BEGIN SUPPLIED DATA

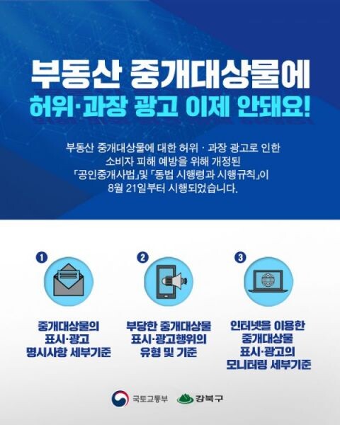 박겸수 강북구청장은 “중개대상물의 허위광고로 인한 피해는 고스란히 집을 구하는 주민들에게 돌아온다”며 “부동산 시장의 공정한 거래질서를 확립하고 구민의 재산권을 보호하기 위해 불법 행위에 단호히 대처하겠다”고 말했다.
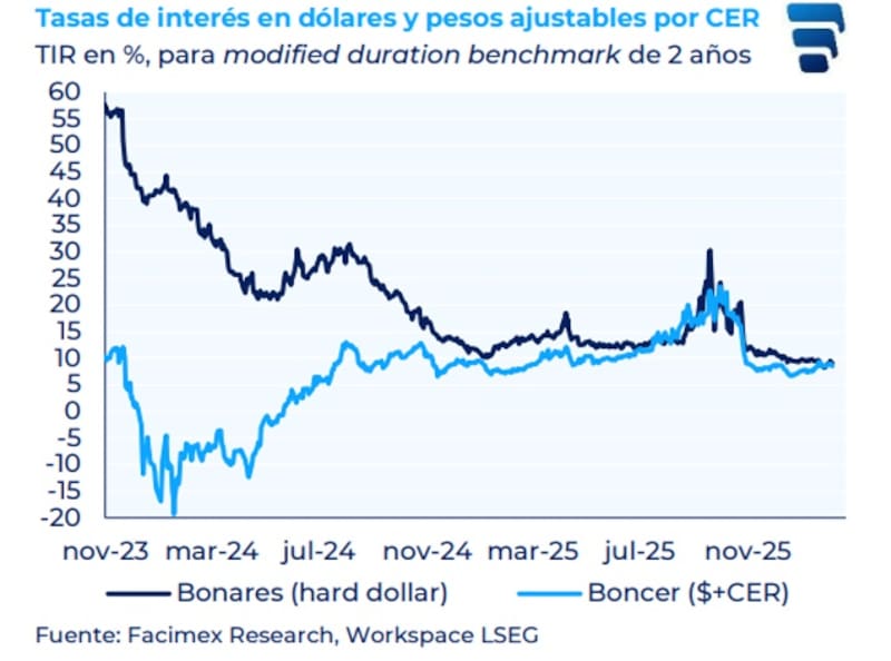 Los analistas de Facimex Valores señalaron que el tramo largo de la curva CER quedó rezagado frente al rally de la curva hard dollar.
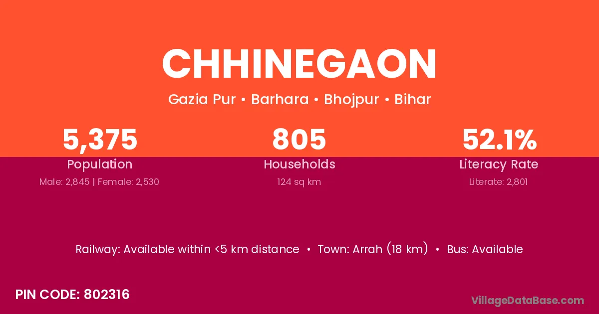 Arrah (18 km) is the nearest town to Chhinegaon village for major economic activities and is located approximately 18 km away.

END SUPPLIED DATA

▸ ASSIGNED TASK: Leaving out the pictures, transcribe the material above exactly.

▸ YOUR RESPONSE:
 박겸수 강북구청장은 “중개대상물의 허위광고로 인한 피해는 고스란히 집을 구하는 주민들에게 돌아온다”며 “부동산 시장의 공정한 거래질서를 확립하고 구민의 재산권을 보호하기 위해 불법 행위에 단호히 대처하겠다”고 말했다.
 Los analistas de Facimex Valores señalaron que el tramo largo de la curva CER quedó rezagado frente al rally de la curva hard dollar.
 Arrah (18 km) is the nearest town to Chhinegaon village for major economic activities and is located approximately 18 km away.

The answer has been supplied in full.